The first pass had a training set of ~6,000 emails. Now I had ~22,000, and went out to see whether a bigger training set with better coverage of the hard categories could produce a better classifier.
The Second Pass
I hoped that this approach would ameliorate the time-based selection bias that hobbled the first classifier, as the training set for this pass drew on fifteen years of sorted email. That changed the composition noticeably. Historical email skews heavily towards Academic and away from Technology and Projects.
Work and Education together made up around 5% of the training set, better coverage than before, at least in absolute terms.
| Category | Count | % |
|---|---|---|
| Archive | 11,600 | 34.2 |
| Receipts | 9,933 | 29.3 |
| Newsletters | 4,150 | 12.2 |
| Personal | 2,296 | 6.8 |
| Technology | 2,278 | 6.7 |
| Projects | 1,293 | 3.8 |
| Finances and Affairs | 1,106 | 3.3 |
| Work | 748 | 2.2 |
| Education | 409 | 1.2 |
| Academic | 81 | 0.2 |
Results
Validation accuracy: 93.46%. Down slightly from 94.67% in the first pass.
| Category | Precision | Recall | F1 |
|---|---|---|---|
| Technology | 0.988 | 0.977 | 0.982 |
| Newsletters | 0.941 | 0.944 | 0.942 |
| Receipts | 0.953 | 0.979 | 0.966 |
| Finances and Affairs | 0.913 | 0.778 | 0.840 |
| Personal | 0.865 | 0.885 | 0.875 |
| Work | 0.814 | 0.857 | 0.835 |
| Education | 0.850 | 0.557 | 0.673 |
| Projects | 0.908 | 0.880 | 0.894 |
There were global drops in precision and recall across almost all categories. However, these were all small in absolute terms. The largest drops occurred in Education, which I attributed to the introduction of the Projects category. Projects shares a lot of semantic similarity with Education (and to a lesser extent, Work), and the addition of a similar category would lower predictive power across all of them.
I am not sure I could have expected a different outcome. The SVC was already working remarkably well on the training set, and where it falls down relates more to fundamental properties of text embedding rather than inadequate sample size.
Classification
The classification of the 15,509 unclassified emails followed the same pattern as the first pass.
| Category | SVC | LLM | Total |
|---|---|---|---|
| Receipts | 2,821 | 14 | 2,835 |
| Newsletters | 2,575 | 49 | 2,624 |
| Personal | 773 | 552 | 1,325 |
| Technology | 369 | 29 | 398 |
| Finances and Affairs | 809 | 57 | 866 |
| Work | 19 | 3,012 | 3,031 |
| Education | 11 | 2,562 | 2,573 |
| Projects | 217 | 106 | 323 |
| Academic | 0 | 730 | 730 |
| Archive | 0 | 1,362 | 1,362 |
Work and Education again accounted for 65% of the LLM load, and the LLM remained a poor discriminator between the two. This is also not surprising, as increasing the sample size will not improve model performance.
Reflection
I ended up sorting out the work-education-project split manually. This was a tedious couple of hours, but two decades of accumulated correspondence is now at least roughly where it should be.
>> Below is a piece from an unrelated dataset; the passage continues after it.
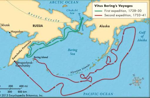 Alaska is first sighted by a Russian expedition led by Danish explorer Vitus Bering.

Both the successes and failures were informative. I think text embeddings are incredibly interesting technology, and I was very impressed with how the SVC effortlessly handled structured textual information efficiently at scale. I would definitely use these again for this sort of task.
Conversely, the LLM performed less well than I would have hoped, getting only about half of the hard cases right. One thing that would have been interesting to explore is whether changing the prompt could have improved the LLM success, but I am skeptical. The LLM performance is determined by the properties of the model and the nature of the classification task, and won’t be improved by increasing sample size. Gemma-3-12Bis a capable local model, but these distinctions may be genuinely too subtle. The Work-Education-Project split is also potentially tricky because in addition to genuine content overlap, some lines may be drawn more on personal context rather than message content, which is unknown to the model.
I remain hopeful for the future of local language models — most of my work has huge data privacy and confidentiality concerns, and I would love to be able to use this technology in more of my work, but will not feel comfortable unless they are run in a local and contained environment. This project has not convinced me that local models are quite there yet, although given the pace that the technology is evolving I suspect it will be soon1.